We intend for this work to expand in scope over the coming months, and to share as much experience as possible so other organizations can apply these learnings to their own security. Partners will share information and best practices with each other to the extent conditions allow. Within 90 days, Anthropic will publish a report of our findings, as well as the fixed vulnerabilities and improvements that can be disclosed. We will also work with leading security organizations to develop a set of practical recommendations on how security practices should evolve in the AI era. This may include: vulnerability disclosure processes, software update processes, open-source and supply-chain security, secure software development lifecycle and design practices, standards for regulated industries, triage expansion and automation, and patch automation.

Anthropic has also been discussing Claude Mythos Preview’s offensive and defensive cybersecurity capabilities with U.S. government officials. Protecting critical infrastructure is the top national security priority for democratic nations. The emergence of these cybersecurity capabilities once again underscores why the United States and its allies must maintain decisive leadership in AI technology. Governments have an indispensable role in helping maintain this leadership position and in assessing and mitigating national-security risks associated with AI models. We are eager to work with representatives from governments at all levels to support these efforts.

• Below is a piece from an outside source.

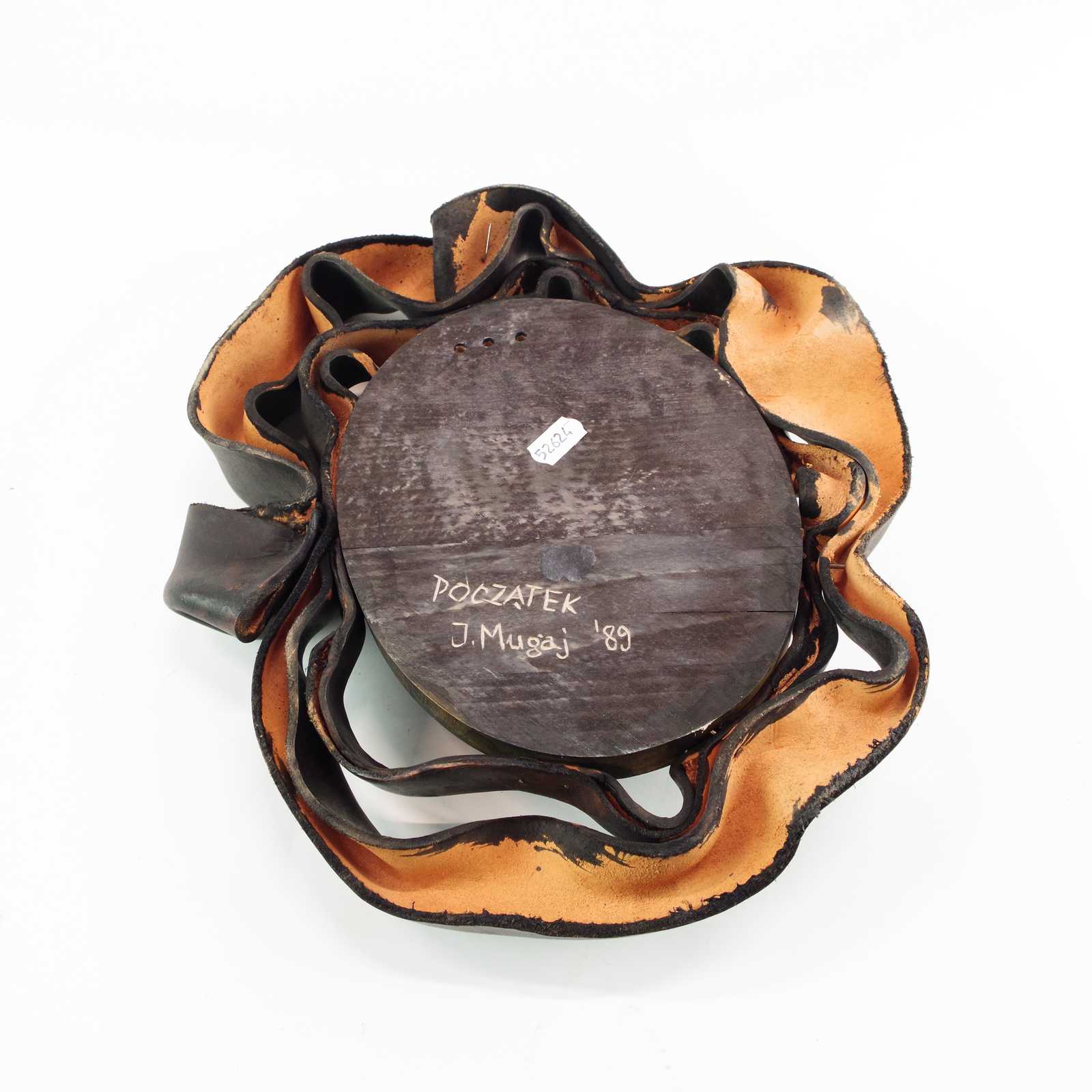 VÄGGDEKORATION läder/trä Poczatek J.Mugaj -89 ca 30*27 cm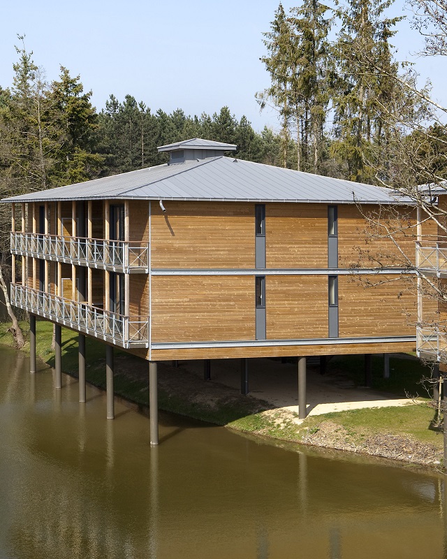Les matériaux utilisés (béton, parement de bois, zinc) ont été choisis parce qu’ils ne nécessitent peu ou pas d’entretien. Le zinc a été préféré à l’ardoise, matériau régional, car il permet d’obtenir une pente plus faible et peut être recyclé, dans l’hypothèse de la destruction du complexe. Ce qui en revanche n’est pas classique, ce sont les pilotis sur lesquels sont perchés les logements. Ils n’évoquent pas l’architecture lacustre par hasard : le parc est en zone inondable, et si en 2004 le plan d’urbanisme y autorisait encore les constructions, l’architecte s’était lui-même fixé un certain nombre de règles permettant d’adapter les édifi ces à cette contrainte. Les bâtiments doivent faciliter le libre écoulement des eaux, assurer la salubrité des biens et des personnes, respecter la faune et la flore et enfi n faire l’articulation entre l’architecture et le paysage. Ce dernier objectif, plus difficile à

We hope Project Glasswing will catalyze a larger-scale effort spanning both the industry and the public sector, with everyone coming together to address the biggest challenge of the impact of powerful models on security. We invite other members of the AI industry to join in helping define industry standards. In the medium term, an independent third-party organization—able to bring together private and public sector organizations—could be an ideal platform to carry forward the subsequent work of these large-scale cybersecurity projects.

Addendum

The project is named after the glasswing butterfly (Greta oto). This metaphor has two layers of meaning: the butterfly’s transparent wings allow it to blend into invisibility, like the vulnerabilities hidden in code discussed in this article; and the transparent wings also help it avoid harm, like the transparent approach we advocate.

The word Mythos comes from Ancient Greek, meaning “narrative” or “story”: the story systems that civilizations use to understand the world.

Security professionals whose legitimate work is affected by these safety mitigations can apply for the upcoming Cyber Verification Program.